With such formulations it has been possible to produce technologically viable mortadella with a fat content ranging from 16.58% to 19.41%, without employing ingredients not allowed in normal products. In formulations 2 and 4 (with sodium caseinate) water content was above 60% and, correspondingly, protein and fat content were lower than in formulation 3. Sodium chloride was also higher in formulation 3 whereas the pH value was lower. All three formulations had pH values significantly lower than standard formulation 1.

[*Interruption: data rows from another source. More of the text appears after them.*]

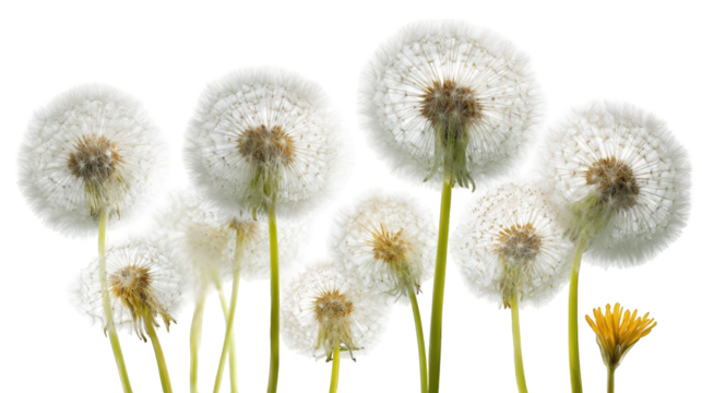 Minimal dandelion seedhead on transparent background, botanical symbolism
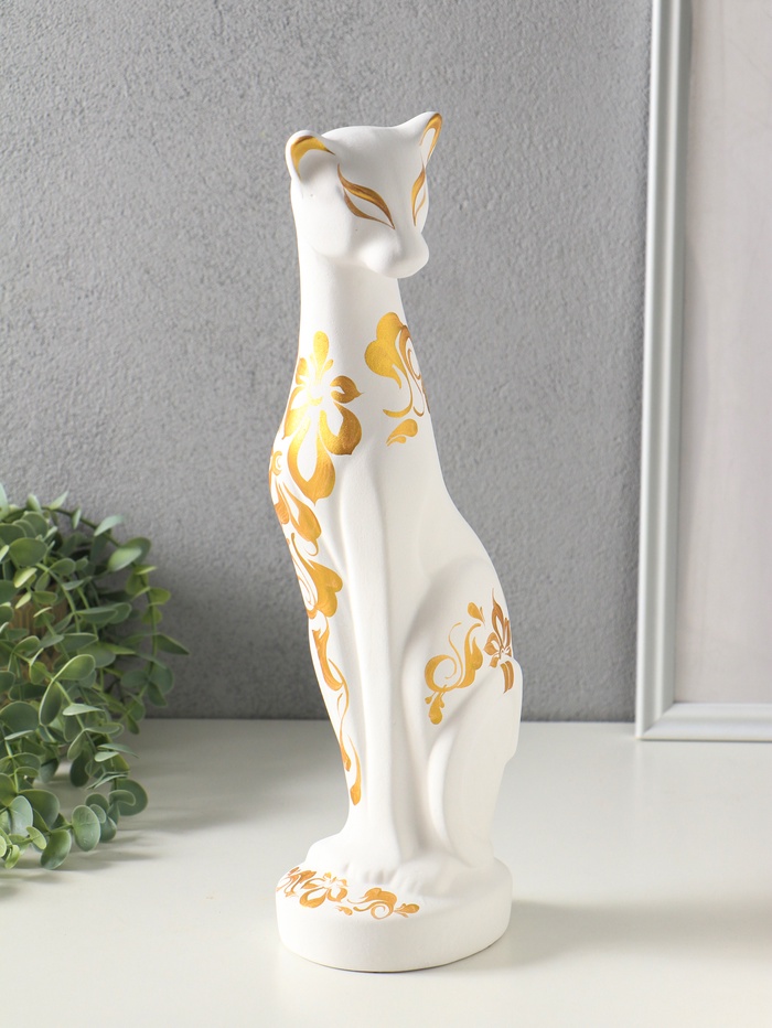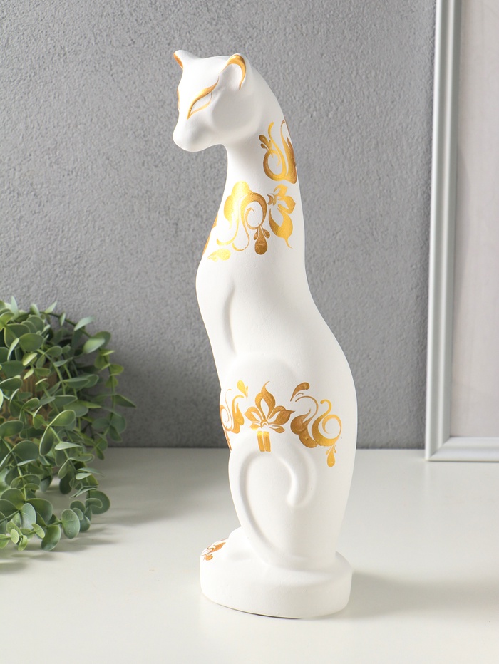 - Сдержанный белый цвет с золотистыми акцентами делает её универсальным украшением для полки, комода или рабочего стола.
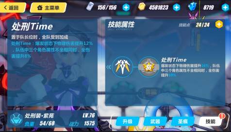 处刑Time:爆发状态下物理伤害提升12%,队伍中三个角色属性不全相同时,全伤害提升8%
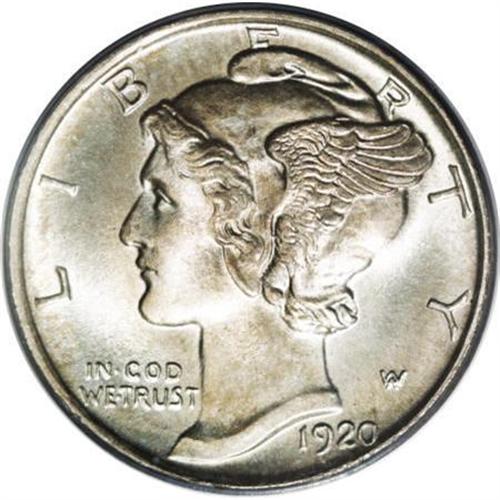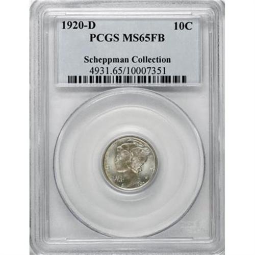<B>1920-D 10C MS65 Full Bands PCGS.</B></I> Ex: Bassano Collection. A magnificent representative of this elusive Denver dime issue, boldly defined with splashes of peach and silver-blue patina over each side. Gems prove challenging in any form, and the Full Bands status of the piece offered here makes it particularly noteworthy. Population: 42 in 65 Full Bands, 18 finer (12/07).<BR><I>From The Scheppman Collection, #4 PCGS Registry of Full Band Mercury Dimes.</B></I><BR><BR><B>Coin Engraver:</B> Adolph A. Weinman<BR><BR><b>Shipping:</b> Coins & Currency (<a target="_blank" href="http://www.heritageauctions.com/common/shipping.php">view shipping information</a>)
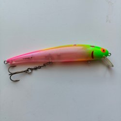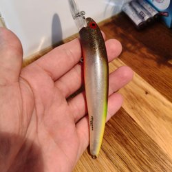 Fiskedraget är av modellen Shadow Rap II och har en slank design. Det är utrustat med tre krokar för effektiv fiske. Färgen är en kombination av ljus och mörk nyans, vilket kan attrahera olika typer av fisk. Perfekt för både nybörjare och erfarna fiskare.
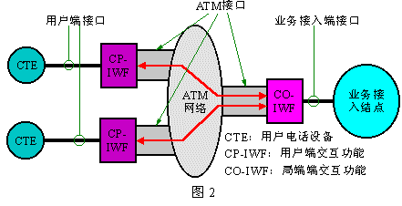 下圖2是VoATM的參考模型。其中的CTE為用戶電話終端設備,“業(yè)務接入結點”是指用戶電話業(yè)務的提供網絡在ATM網絡側的界;其中的CP-IWF完成用戶電路和ATM網絡的協(xié)作功能,而CO-IWF則完成ATM網絡和業(yè)務網絡的協(xié)作功能。
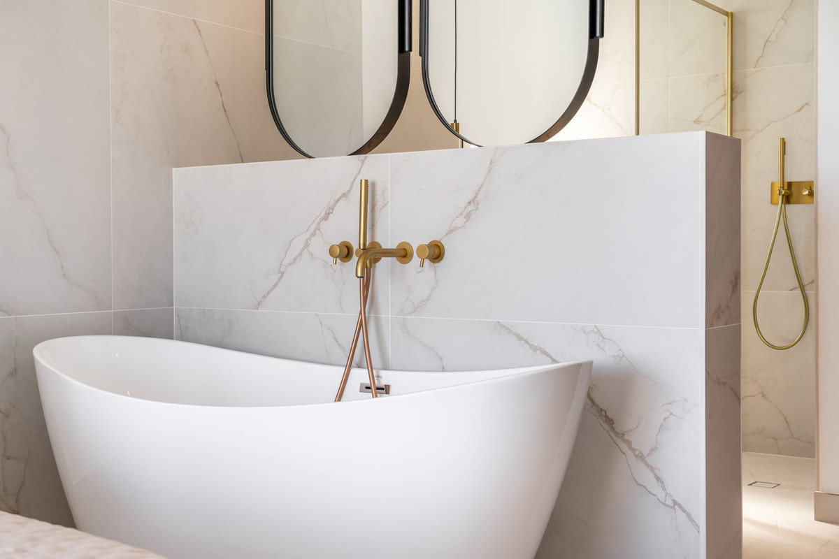 Pagrindiniame liukso kambaryje įrengta dramatiška laisvai pastatoma vonia, iš kurios atsiveria nuostabūs jūros ir kraštovaizdžio vaizdai. Kiekviename vonios kambaryje išklotos prabangios itališkos plytelės, pabrėžiančios rafinuotą turto estetiką.

Compositional changes had some effects on colour measurements (Table 4). Formulation 4 (sodium caseinate without tongue) had the highest L* values (of all formulations reported), the lowest a* and highest b* values (among formulations 2, 3 and 4). Consequently in the same formulation, Saturation was lowest of all seven formulations and Hue higher than formulations 1, 2 and 3. The results clearly indicate that the colour was light and had a yellow/brown shade. Sensory evaluations confirmed such measurements as can be seen from Table 5. Formulation 4 had the highest brightness and the lowest colour scores. Formulation 2 had a colour score higher than formulation 1, a proof that the use of tongue had positive effects on such a quality parameter. The presence of sandal wood extract, instead, did not appear to be sufficient to improve colour scores.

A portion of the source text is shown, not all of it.